Interruption of vesicle fusion
Some toxins have been shown to act directly on the pathway of vesicle fusion. For example, the tetanus toxin, tetanospasmin, which is released by Clostridium tetani bacteria, causes spasms by acting on nerve cells and preventing neurotransmitter release. The mechanism for this is that it cleaves synaptobrevin, a SNARE protein so that the synaptic vesicles cannot fuse with the cell membrane. Botulinum toxin, from Clostridium botulinum, also acts on SNAREs to prevent vesicle fusion and neurotransmitter release, although it targets different neurons and so has the opposite effect: tetanus is caused by preventing the release of inhibitory neurotransmitters, while botulism is caused by preventing the release of excitatory neurotransmitters (Figure 10-9).
Botulinum toxin, one form of which is sold under the brand name Botox, can be used to treat several disorders involving excessive muscle contraction, including migraines and cervical dystonia. Cervical dystonia causes abnormal, involuntary muscle contractions of the neck. This results in jerky movements of the head and neck, and/or a sustained abnormal tilt to the head. It is often painful and can significantly interfere with a person’s life. For cosmetic purposes, botulinum toxin injected into the facial muscles, relaxes them to reduce the appearance of wrinkles. When used to treat cervical dystonia, it is injected into the muscles of the neck to inhibit excessive muscle contractions, by preventing the release of neurotransmitters due to the fact that they cleave SNARE proteins. For many patients, this helps relieve the abnormal positioning, movements, and pain associated with the disorder. The effect is temporary, so the injections must be repeated every three to four months to keep the symptoms under control.

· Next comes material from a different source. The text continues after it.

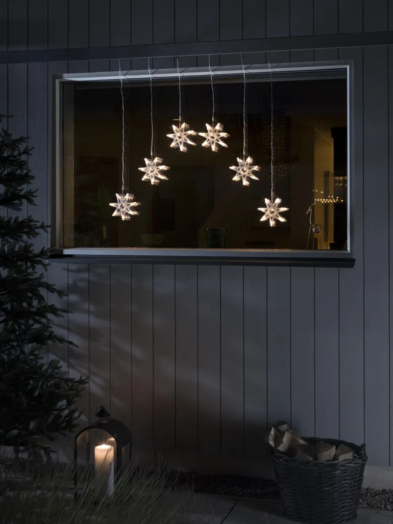 Konstsmide 4045-103 on valosarja, jossa 6 tähteä (48 lämpimän valkoista LEDiä). 24V/IP44.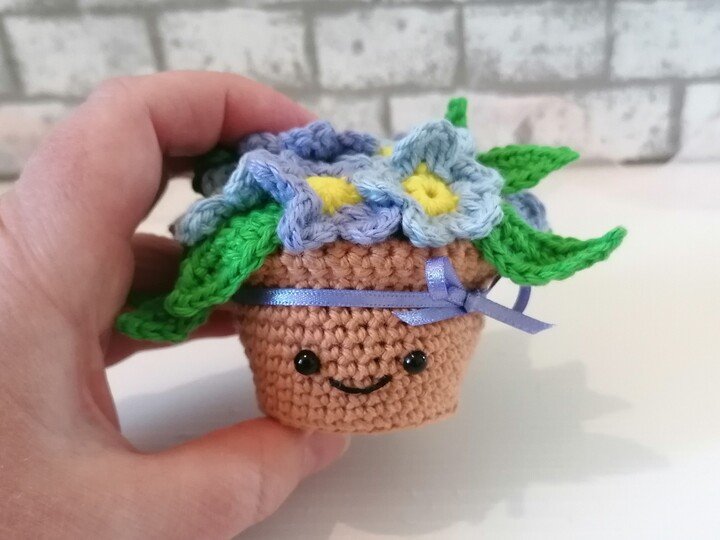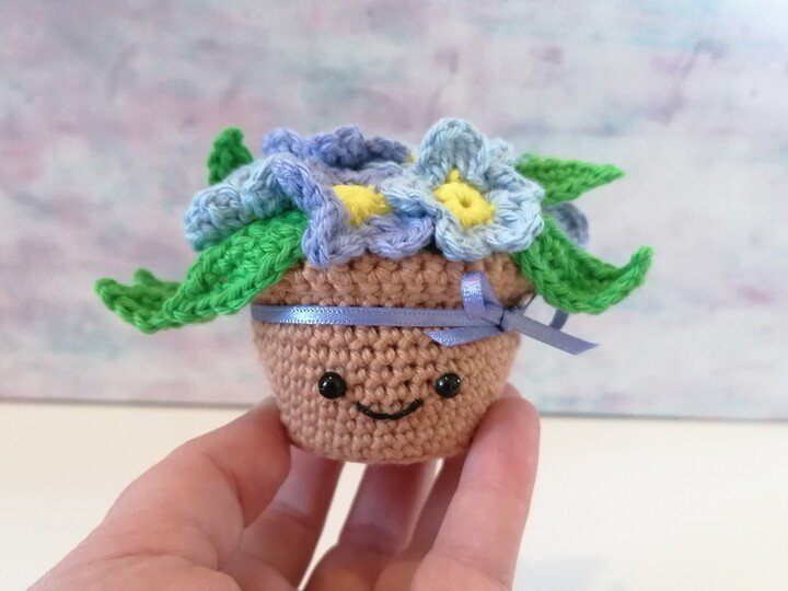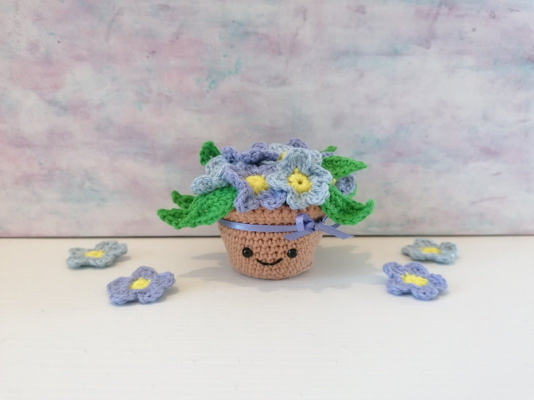 Bring joy and color into your space with this adorable amigurumi pattern – a tiny flower pot full of forget-me-nots with a cheerful little face.

Another neurotoxin is tetanus toxin, which is produced by the gram-positive bacterium Clostridium tetani. This toxin also has a light A subunit and heavy protein chain B subunit. Unlike botulinum toxin, tetanus toxin binds to inhibitory interneurons, which are responsible for the release of the inhibitory neurotransmitters glycine and gamma-aminobutyric acid (GABA). Normally, these neurotransmitters bind to neurons at the neuromuscular junction, resulting in the inhibition of acetylcholine release. Tetanus toxin inhibits the release of glycine and GABA from the interneuron, resulting in permanent muscle contraction. The first symptom is typically stiffness of the jaw (lockjaw). Violent muscle spasms in other parts of the body follow, typically culminating with respiratory failure and death.
Figure 10-9: Mechanisms of botulinum and tetanus toxins. Botulinum toxin stops the release of acetylcholine vesicles, thus preventing contraction of the muscle cell. The tetanus toxin prevents the release of the neurotransmitter (GABA) that signals relaxation of the muscle, therefore affected individuals may have uncontrolled contractions or spasms of the muscle.